- [YOUR GOAL] Transcribe exactly the stretch of lines beginning at the one containing "대한적십자사봉사회 군위군협의회(회장 김남수)는" and closing with the last line of the entries below. Omit images.
=== Begin Enclosure ===
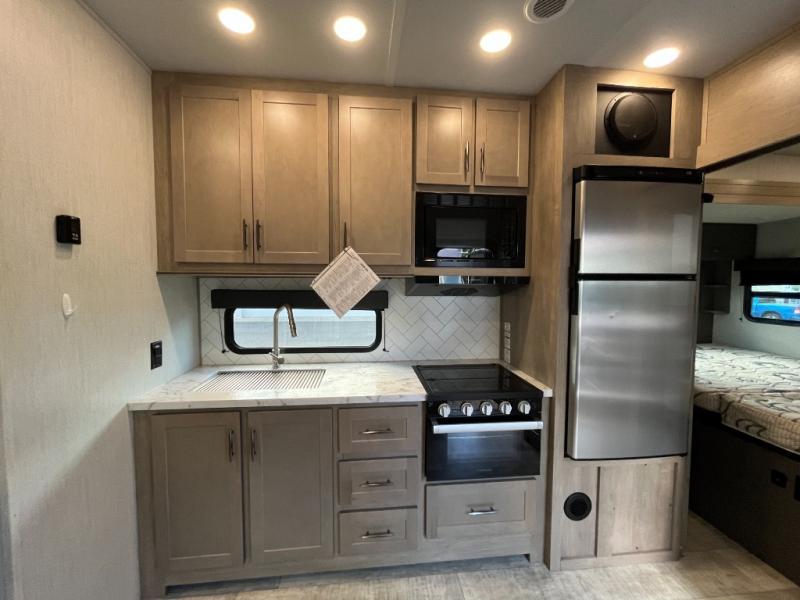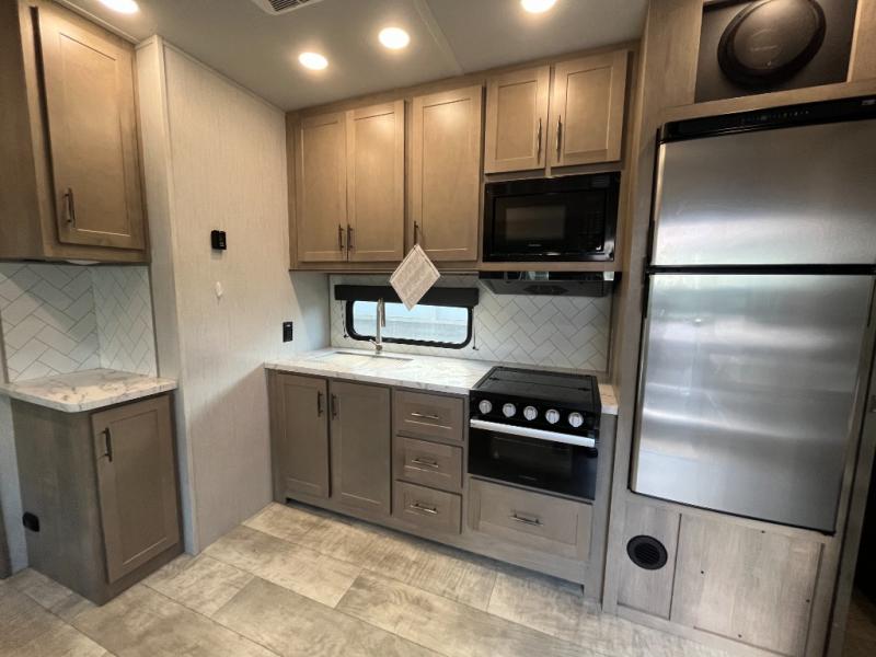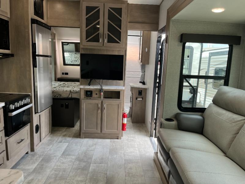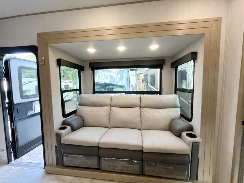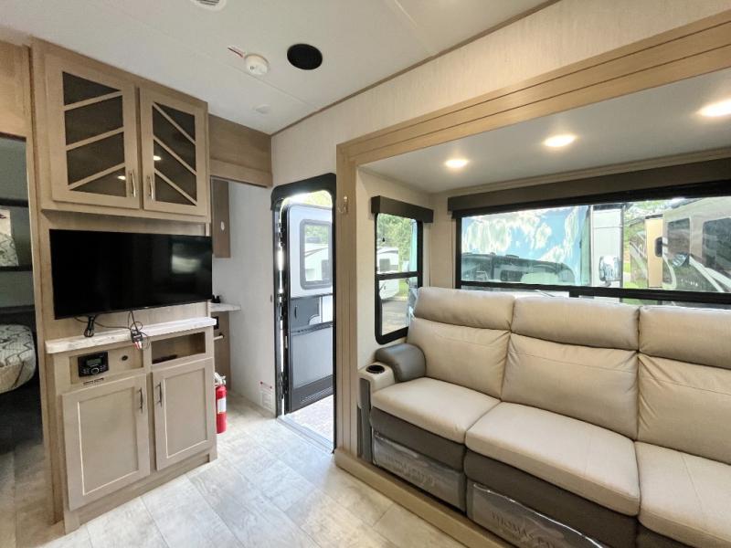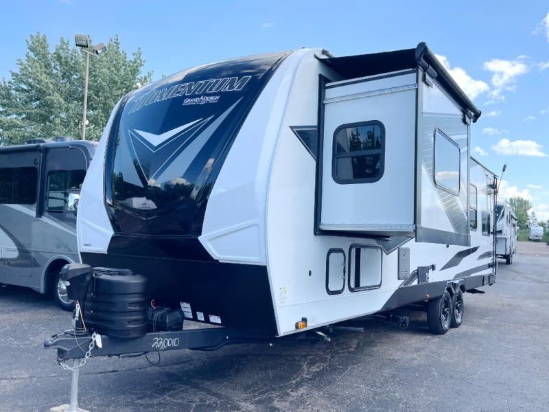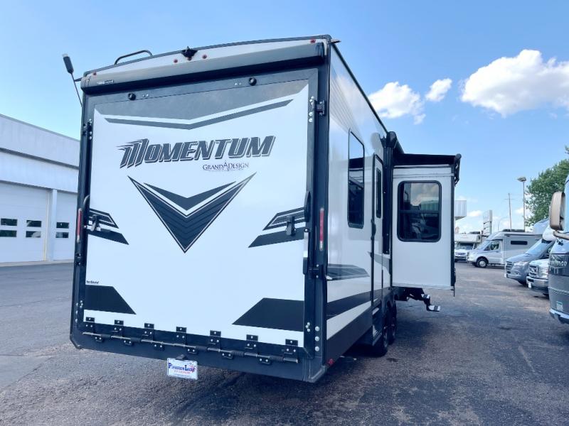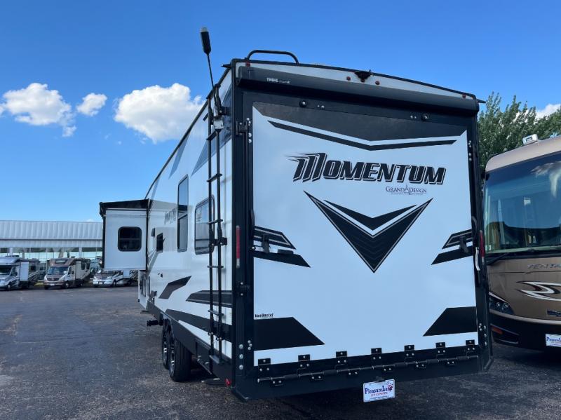 Are you looking for adventure and fun? The Momentum G-Class toy hauler by Grand Design will help you find it! You can explore during any season you choose with the Insulation Package that includes a heated and enclosed underbelly with suspended tanks, a high-capacity furnace, a moisture barrier floor enclosure, and cabinet-mounted heat ducts. Each model includes a fuel station with an interior and exterior gauge, a dovetail rear rend, and 2,500-LB tie-downs anchored into the chassis. Throughout the Momentum G-Class interior, you'll enjoy many comfortable features like large panoramic windows, a shower skylight, USB chargers in the bedroom, and residential cabinetry.
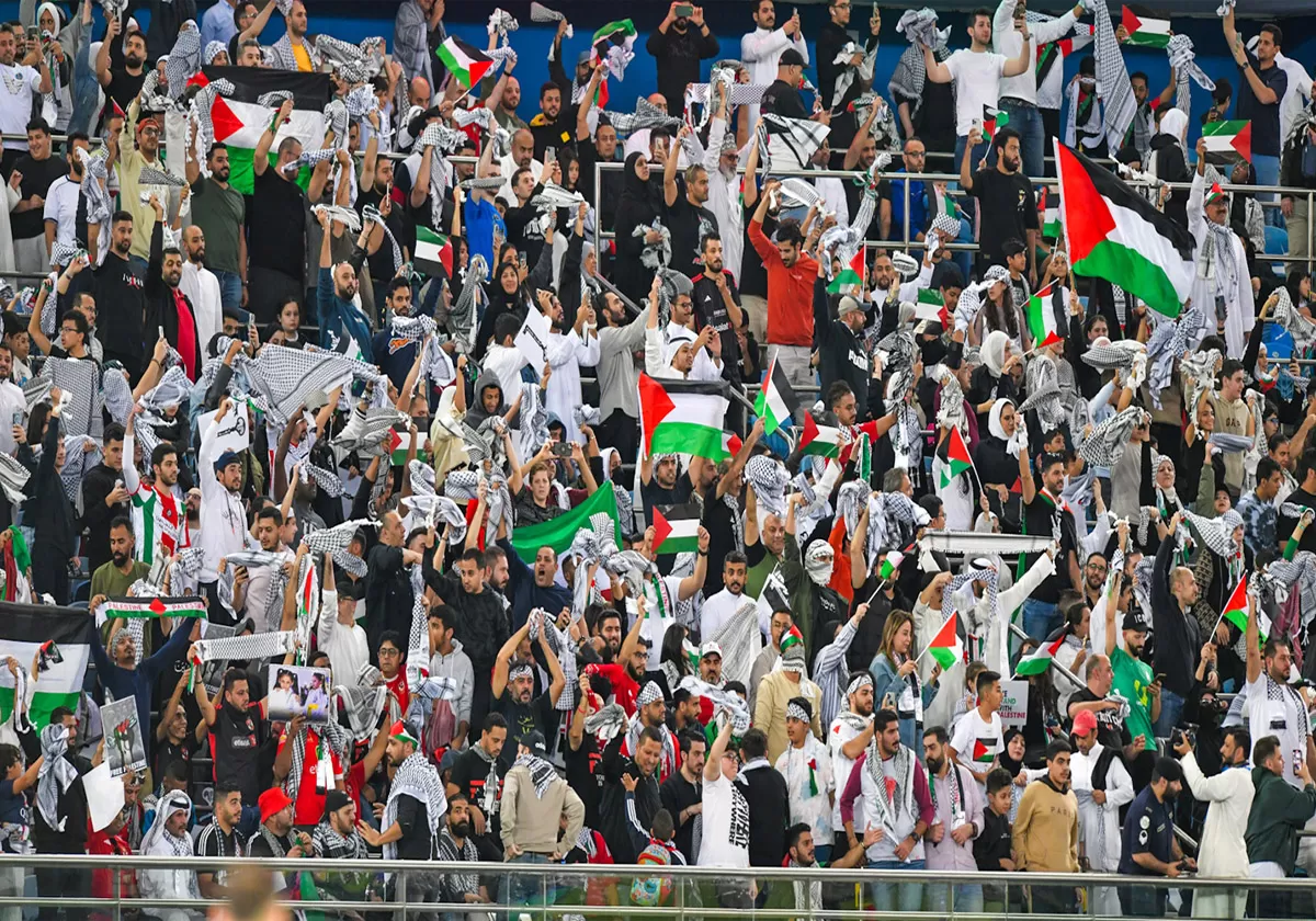 وطن- هتفت جماهير المساندة للمنتخب الفدائي الفلسطيني داخل المدرجات، خلال مباراتهم أمام أستراليا، في تصفيات مونديال كأس العالم 2026 وكأس أمم آسيا، تضامناً مع الشعب الفلسطيني الذي يتعرض لحرب إسرائيلية هي الأعنف على قطاع غزة.
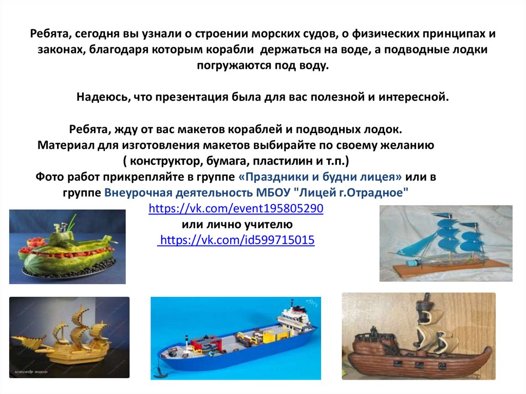 Ребята, жду от вас макетов кораблей и подводных лодок.
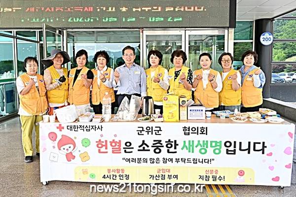 대한적십자사봉사회 군위군협의회(회장 김남수)는 지난 28일 군위군청 전정에서 진행하는 ‘2025년 2분기 생명나눔 헌혈 운동’ 봉사를 진행했다.
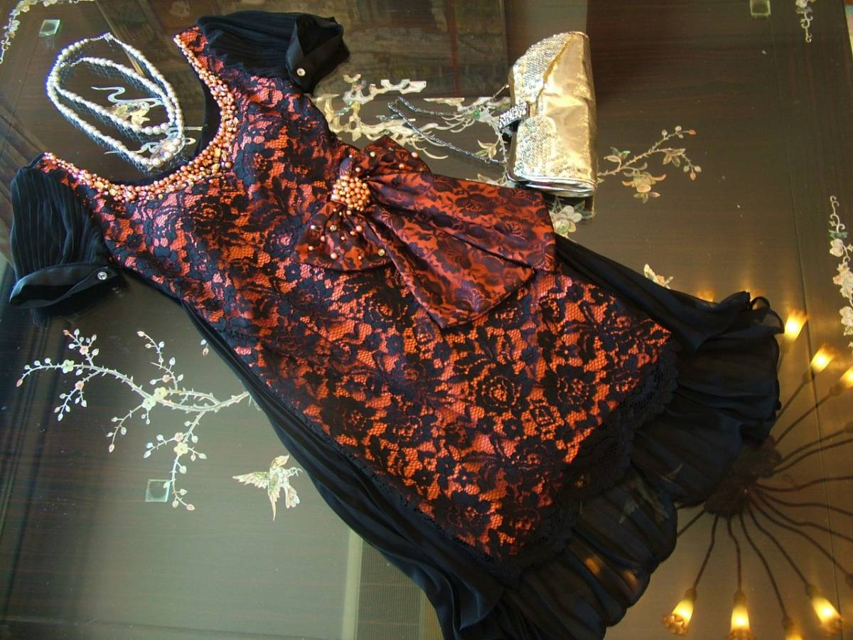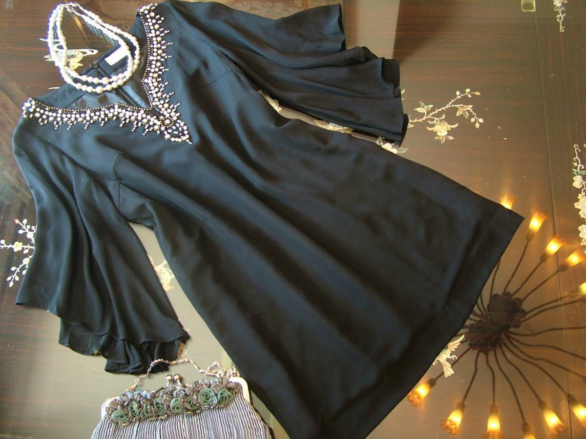 グレース クラス 黒 ワンピース ドレス ビジュー パール 装飾 シルク 結婚式
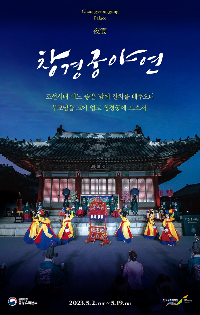 문화재청 궁능유적본부와 한국문화재재단은 5월 2일부터 19일까지 서울 종로구 창경궁 문정전에서 '효심'을 주제로 한 관람객 참여 프로그램인 '창경궁 야연(夜宴)'을 선보인다고 17일 밝혔다.
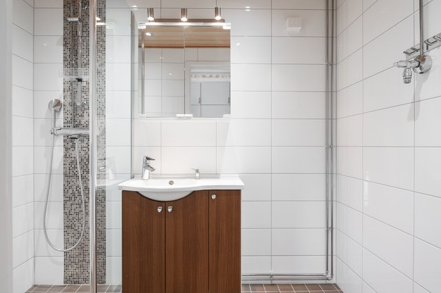 - Suihku, peilikaappi, allaskaappi, pesukoneliitäntä, ja suihkuseinä
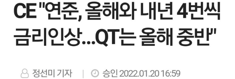 2. 미연준이 작년 말부터 금리인상을 예고했다는건 다 알걸? 새해가 되면서 그 예고가 가시화될 것으로 보인다.
=== End Enclosure ===
- [ANSWER SPACE]
 대한적십자사봉사회 군위군협의회(회장 김남수)는 지난 28일 군위군청 전정에서 진행하는 ‘2025년 2분기 생명나눔 헌혈 운동’ 봉사를 진행했다.
 グレース クラス 黒 ワンピース ドレス ビジュー パール 装飾 シルク 結婚式
 문화재청 궁능유적본부와 한국문화재재단은 5월 2일부터 19일까지 서울 종로구 창경궁 문정전에서 '효심'을 주제로 한 관람객 참여 프로그램인 '창경궁 야연(夜宴)'을 선보인다고 17일 밝혔다.
 - Suihku, peilikaappi, allaskaappi, pesukoneliitäntä, ja suihkuseinä
 2. 미연준이 작년 말부터 금리인상을 예고했다는건 다 알걸? 새해가 되면서 그 예고가 가시화될 것으로 보인다.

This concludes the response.